> TASK ITEM:
Your answer must be an exact copy of the records, minus any pictures.

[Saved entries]
***
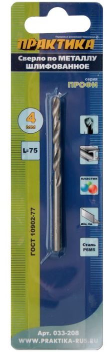 Сверло по металлу ПРАКТИКА Р6М5 4,0 х 75 мм (1шт.) блистер (033-208) - цена, фото, технические характеристики
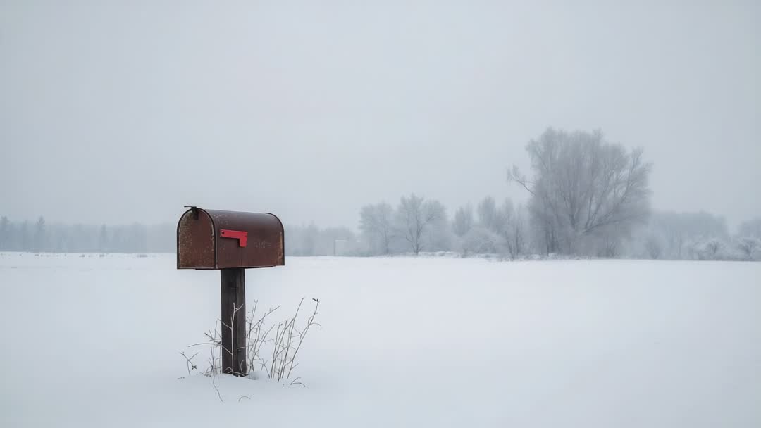 AI Generated Video. Video showing rusty mailbox standing alone in expansive snowy rural field under overcast sky. Red flag down while frost coating mailbox and surrounding grasses, creating quiet minimal winter mood. Frosted trees forming soft background silhouette and horizon receding into muted tones. Composition leaving generous negative space for text overlay, titles, and branding. Footage suiting website headers, hero banners, editorial illustrations for winter postal delays, seasonal greeting cards, social media campaigns, commercials, and documentary b-roll. Color palette featuring muted blues, soft grays, rusty brown and red accent, matching winter marketing and editorial projects. Ideal for travel blogs, rural lifestyle stories, environmental features, advertising for postal services, cold weather preparedness articles, and gallery prints. Clip offering slow cinematic pacing or loop-friendly static shot for background ambience and mood-driven storytelling.
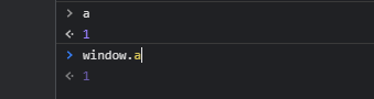 하지만 window.a 해도 값은 1입니다 그이유는 위에 설명했듯이 window 최상위 객체이기때문에 window 생략을하고 a값을 호출할수있습니다!
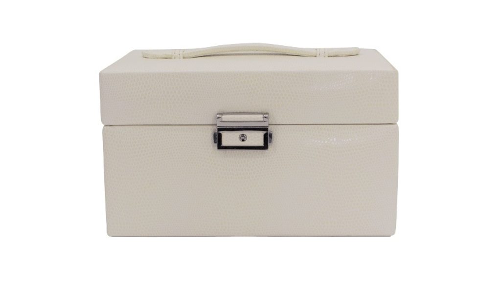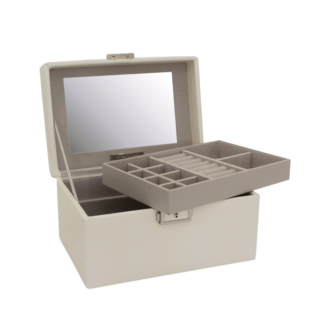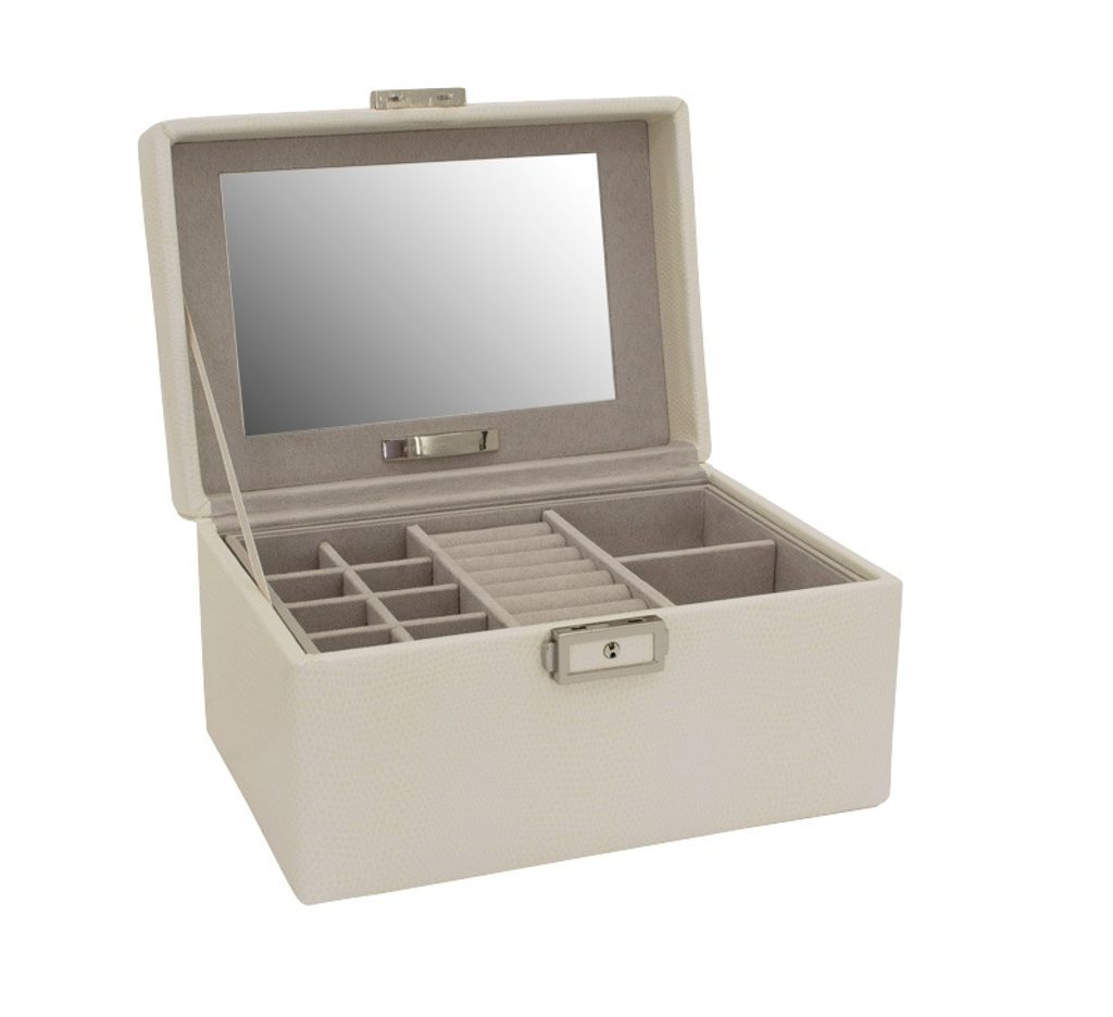 The Friedrich Lederwaren Milano 20142-9 beige perkovnica is covered in synthetic leather with a lizard pattern. It contains 2 tiers for storing different types of jewellery, the mirror is on the inside of the lockable lid.
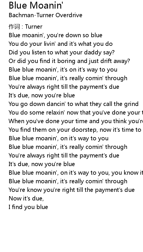 | Blue blue moanin', on it's way to you, you know it's comin' | |
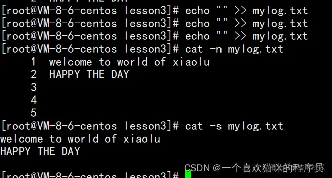 cat带-s就不会显示那么多空行了
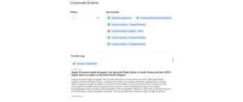 Corporate events analysis provides retail investors with up-to-date analysis on recent strategic events that occurred in the company such as: earnings releases, dividends, and other events opportunities to make well-informed trading decisions. By staying updated on , investors can strategically buy or sell stocks based on the company’s performance and strategic events.
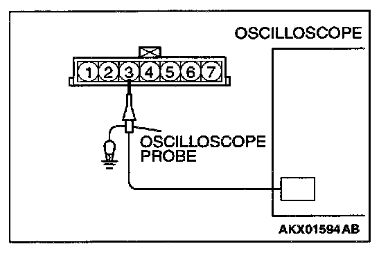 2. Connect the oscilloscope probe to volume air flow sensor connector terminal 3.
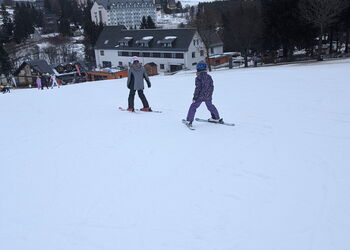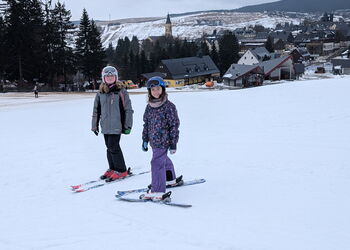 Nach der Ankunft wurden die Zimmer bezogen. Am Nachmittag ging es nach einem ausgiebigen Toben im Schnee zur Skischule, um die Skiausrüstung anpassen. Dannach begaben wir uns noch auf eine Runde durch Oberwiesenthal.
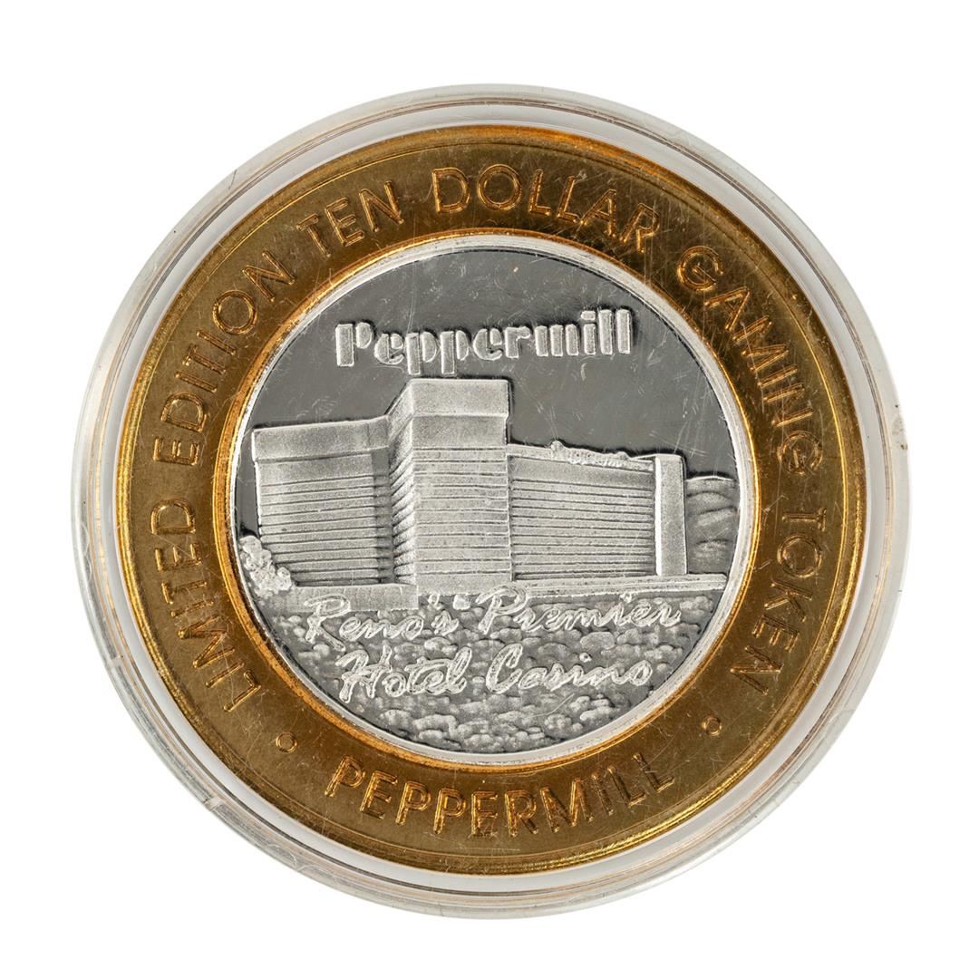 One .999 Fine Silver Peppermill Reno, Nevada $10 Limited Edition Gaming Token.
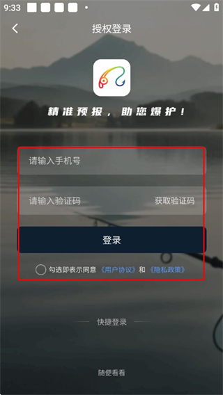 3、填写手机号、获取并输入验证码,勾选协议,点击登录。
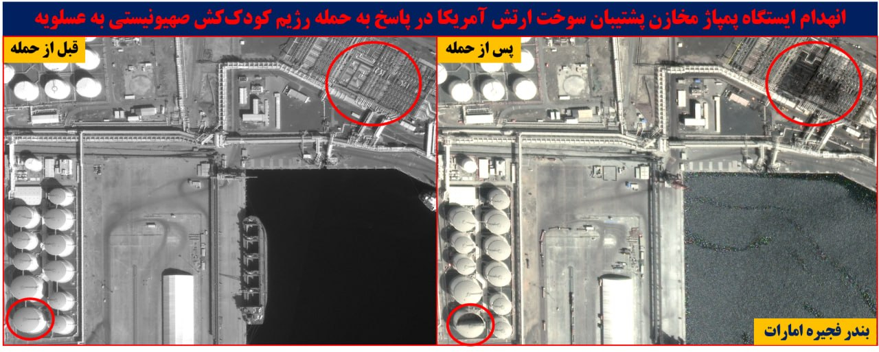 🔻梅尔通讯社和法尔斯通讯社发布了新一批检验伊朗打击效果的卫星图片。🔻包括塔努拉角炼油厂的燃料供应线、延布炼油厂的燃料供应线、鲁韦斯炼油厂的备用燃料储罐、富查伊拉港的燃料泵站和备用燃料储罐,以及美军拉赫巴基地的数据中心及备用信息系统、TPS-75 预警雷达、拉法哈基地的 FPS-117 预警雷达等等。伊朗导弹绕过以色列拦截弹伊朗媒体称伊官员提出停战六项条件海外新鲜事中东现场直击
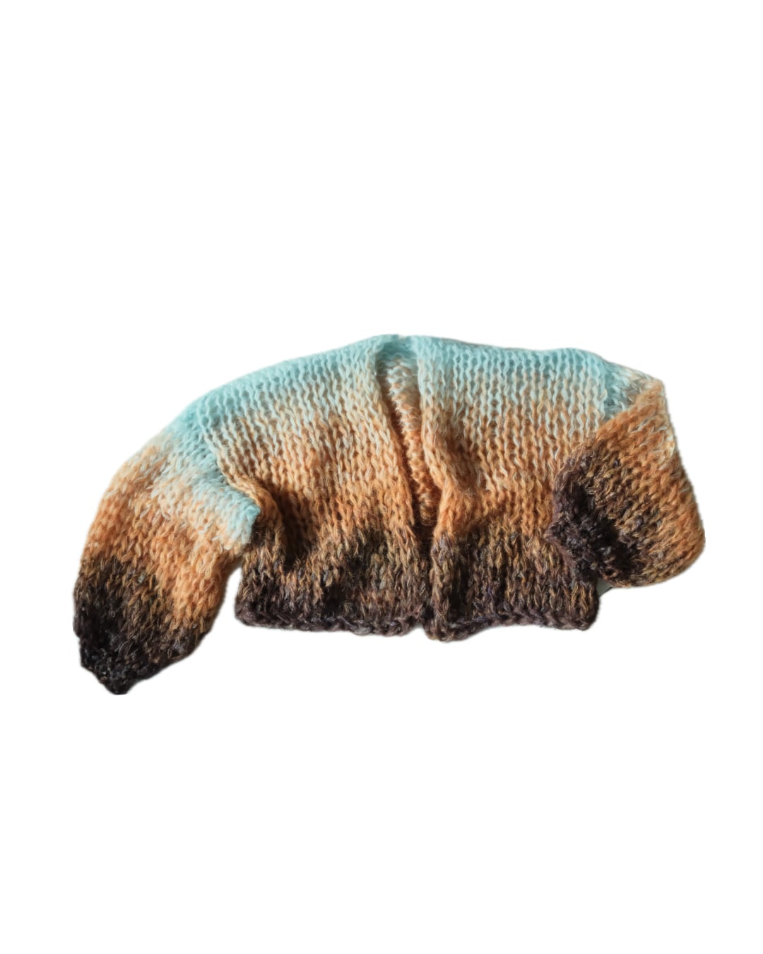 An airy, cosy layer of comfort that hugs your skin — every single piece is uniquely handknitted, using plenty of high quality second hand wool and mohair yarns.
***
> RESPONSE TO THIS EXERCISE:
 Сверло по металлу ПРАКТИКА Р6М5 4,0 х 75 мм (1шт.) блистер (033-208) - цена, фото, технические характеристики
 AI Generated Video. Video showing rusty mailbox standing alone in expansive snowy rural field under overcast sky. Red flag down while frost coating mailbox and surrounding grasses, creating quiet minimal winter mood. Frosted trees forming soft background silhouette and horizon receding into muted tones. Composition leaving generous negative space for text overlay, titles, and branding. Footage suiting website headers, hero banners, editorial illustrations for winter postal delays, seasonal greeting cards, social media campaigns, commercials, and documentary b-roll. Color palette featuring muted blues, soft grays, rusty brown and red accent, matching winter marketing and editorial projects. Ideal for travel blogs, rural lifestyle stories, environmental features, advertising for postal services, cold weather preparedness articles, and gallery prints. Clip offering slow cinematic pacing or loop-friendly static shot for background ambience and mood-driven storytelling.
 하지만 window.a 해도 값은 1입니다 그이유는 위에 설명했듯이 window 최상위 객체이기때문에 window 생략을하고 a값을 호출할수있습니다!
 The Friedrich Lederwaren Milano 20142-9 beige perkovnica is covered in synthetic leather with a lizard pattern. It contains 2 tiers for storing different types of jewellery, the mirror is on the inside of the lockable lid.
 | Blue blue moanin', on it's way to you, you know it's comin' | |
 cat带-s就不会显示那么多空行了
 Corporate events analysis provides retail investors with up-to-date analysis on recent strategic events that occurred in the company such as: earnings releases, dividends, and other events opportunities to make well-informed trading decisions. By staying updated on , investors can strategically buy or sell stocks based on the company’s performance and strategic events.
 2. Connect the oscilloscope probe to volume air flow sensor connector terminal 3.
 Nach der Ankunft wurden die Zimmer bezogen. Am Nachmittag ging es nach einem ausgiebigen Toben im Schnee zur Skischule, um die Skiausrüstung anpassen. Dannach begaben wir uns noch auf eine Runde durch Oberwiesenthal.
 One .999 Fine Silver Peppermill Reno, Nevada $10 Limited Edition Gaming Token.
 3、填写手机号、获取并输入验证码,勾选协议,点击登录。
 🔻梅尔通讯社和法尔斯通讯社发布了新一批检验伊朗打击效果的卫星图片。🔻包括塔努拉角炼油厂的燃料供应线、延布炼油厂的燃料供应线、鲁韦斯炼油厂的备用燃料储罐、富查伊拉港的燃料泵站和备用燃料储罐,以及美军拉赫巴基地的数据中心及备用信息系统、TPS-75 预警雷达、拉法哈基地的 FPS-117 预警雷达等等。伊朗导弹绕过以色列拦截弹伊朗媒体称伊官员提出停战六项条件海外新鲜事中东现场直击
 An airy, cosy layer of comfort that hugs your skin — every single piece is uniquely handknitted, using plenty of high quality second hand wool and mohair yarns.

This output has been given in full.